Photograph Movie Review
In ‘The Photograph,’ an old picture sets in motion a romance between a photographer’s grieving daughter (Issa Rae) and a journalist (LaKeith Stanfield).
First off, love stories don’t come more contrived than the one in “The Photograph.” LaKeith Stanfield is a journalist stumbling upon an old black-and-white snapshot while working on an assignment leading him right into the heart of Issa Rae. She’s Mae, a fashionable Manhattan art curator exploring the early life of her recently deceased mother. It’s not picture-perfect, but Stanfield and Rae are so darn cute together you can’t help being smitten.
The story oscillates between dueling narratives showing how the past informs the present. In one string, writer-director Stella Meghie steps back 30 years to relay Christina’s (Chante Adams) tough decision to ditch her man (Y’Lan Noel), hop on the next bus out of backwater Louisiana to New York, then working her butt off to become a famous photographer. It comes with a cost, of course. “I wish I was as good at love as I was at working,” Christina says in a video within the movie.
The other storyline starts with Mae discovering a letter in Christina’s safe, setting the daughter on an emotional journey to understand her mom’s motivations, a situation that brings Stanfield’s newly single Mike into her orbit. Romantic dramas only work if there’s tangible chemistry between the leads, and with these two sparks fly from the first frame to the first kiss.

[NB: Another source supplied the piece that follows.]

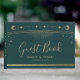 Real Mystical Green Sun Moon Stars Astronomy Celestial Cosmic Space Wedding Guest Books apresenta um sol dourado, lua e estrelas num fundo verde. Adicione seus nomes abaixo na tipografia moderna do roteiro. Projetado pelo Evco Studio. Ver www.zazzle.com/store/evcostudio para mais produtos nesta coleção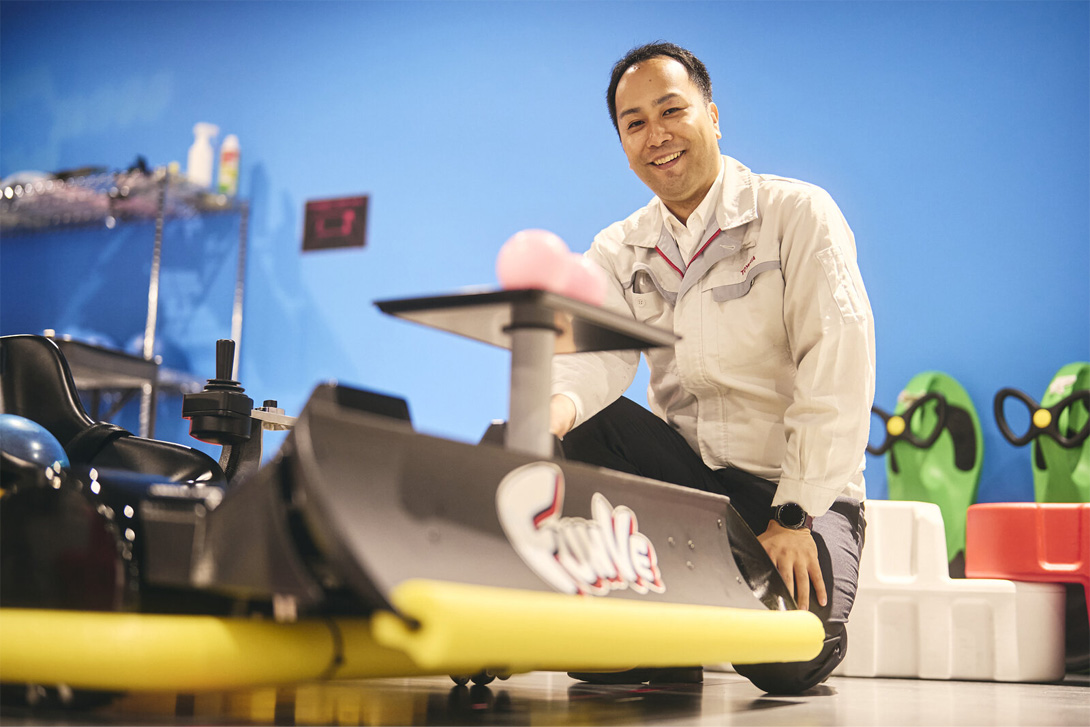 在进行汽车研发的车间一角,FUNVE的研发工作仍在继续,能感受到(众人的)目光,伴随着“哇呀”的欢呼声。借助这辆以笑容为原动力的FUNVE,也许有一天会迎来举办世界大赛的时刻。

Meghie kicks the tires on heavy themes: grief, parental love, lost love, children not privy to who their parents really are . . . It’s enough to fill three movies. Sometimes that serious tone suffocates the romance, so much so that it feels like two movies spliced together. Indeed, for a film that’s trying to sweep us off our feet, too much of Meghie’s script is spent in plodding exposition.
Along the way, gifted comedian Lil Rel Howery, Stanfield’s “Get Out” co-star, infuses the film with a natural – and essential - levity as Mike’s married brother. And old pros Rob Morgan (“Just Mercy”) and Courtney B. Vance (“Ben is Back”) lend gravitas in supporting roles.

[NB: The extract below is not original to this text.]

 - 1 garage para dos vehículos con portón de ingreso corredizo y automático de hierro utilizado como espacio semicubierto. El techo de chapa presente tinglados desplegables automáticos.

For her part, Rae is radiant, but she’s definitely a stronger comedic actress (“Little,” HBO’s “Insincere”), causing Mae’s two-dimensionality to play against her strengths. On the other hand, Stanfield, whose star has risen immensely with roles in “Get Out,” “Knives Out,” “Sorry to Bother You” and “Uncut Gems,” carries the film with his charm and knack for effortlessly switching between comedy and drama. When he purrs the line “Is it too early in the night to kiss you?” the audience swoons. Ditto for some stormy-weather lovin’ set to Al Green slow jams. Yup, “The Photograph” is a Stanfield state of mind.